Failure Symptom Detection Recovery
Origin allow list missing a legitimate domain Users from that domain cannot establish WebSocket connections Support reports from users on the missing domain; 403 spike in WebSocket upgrade logs Add the domain to the origin map and reload NGINX
proxy_read_timeout too short Active connections close during natural idle periods Application monitoring shows frequent WebSocket reconnections; client-side reconnect storms Increase timeout or implement ping/pong keepalive at the application layer
Connection limit too low for NAT users Corporate users sharing a NAT IP cannot all connect Support tickets from specific office locations; 429 responses correlated with NAT IP ranges Increase limit_conn for known NAT ranges or switch to per-authenticated-user limits
Rate limiter rejects legitimate burst traffic Users performing rapid valid actions (typing, scrolling) get rate-limited Application logs show rate limit events from active users; user complaints about dropped messages Increase burst allowance; use a sliding window instead of fixed interval
maxPayload too small for application data Application features that send larger messages fail silently Client-side errors; WebSocket close events with code 1009 (message too big) Increase maxPayload to match the application’s actual maximum message size

When to Consider a Managed Alternative

Transition point: When your WebSocket infrastructure exceeds 10,000 concurrent connections and you are spending significant time on connection management, scaling, and abuse detection rather than application features, or when you need geographic distribution of WebSocket endpoints.

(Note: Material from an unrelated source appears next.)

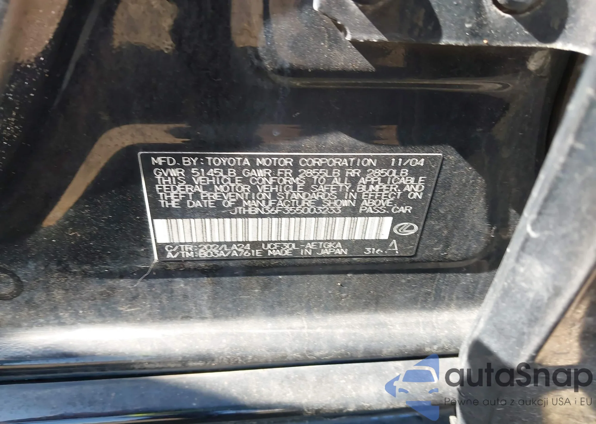 VIN: JTHBN36F355003233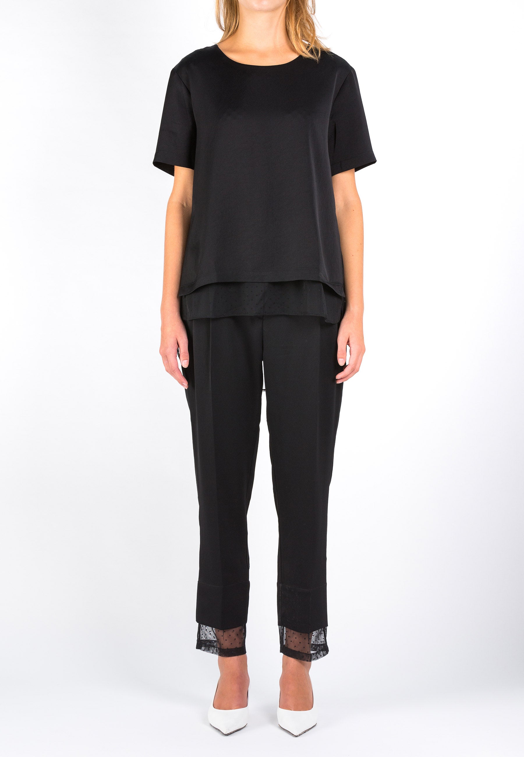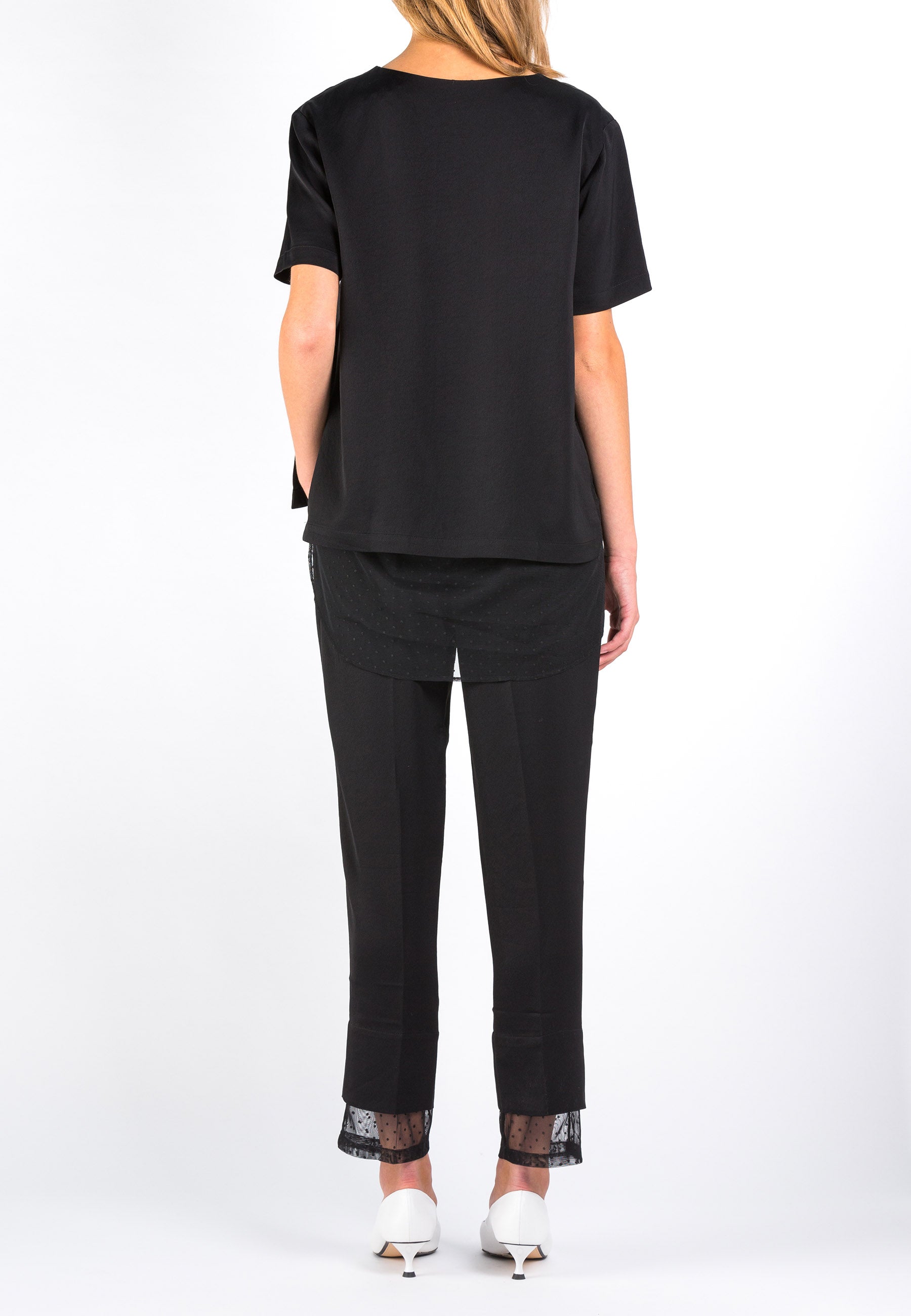 Cut from soft satin, Parallel is a black tailored pant with a twist. Pleated around the waistline with pressed creases along the leg line, this pant has a double-layered hem made by a second shell of polkadot tulle. Pair it with the matching top Overcast. Model wears a size 36.

What managed providers handle:

  • Cloudflare (#29): WebSocket connections are proxied through Cloudflare’s edge network with automatic DDoS protection. Connection-level rate limiting and IP reputation filtering apply to WebSocket upgrades. The free plan supports WebSocket proxying; Pro adds more granular controls.

What you still control: Origin validation, authentication during the upgrade handshake, per-connection message rate limiting, and message-level authorization are application concerns that no edge provider handles for you. Cloudflare protects the connection layer; you protect the message layer.

Architecture: Cloudflare terminates TLS and filters abuse at the edge. Your WebSocket server behind Cloudflare handles authentication, origin validation, and message-level security. The edge absorbs connection floods; your application enforces business logic on established connections.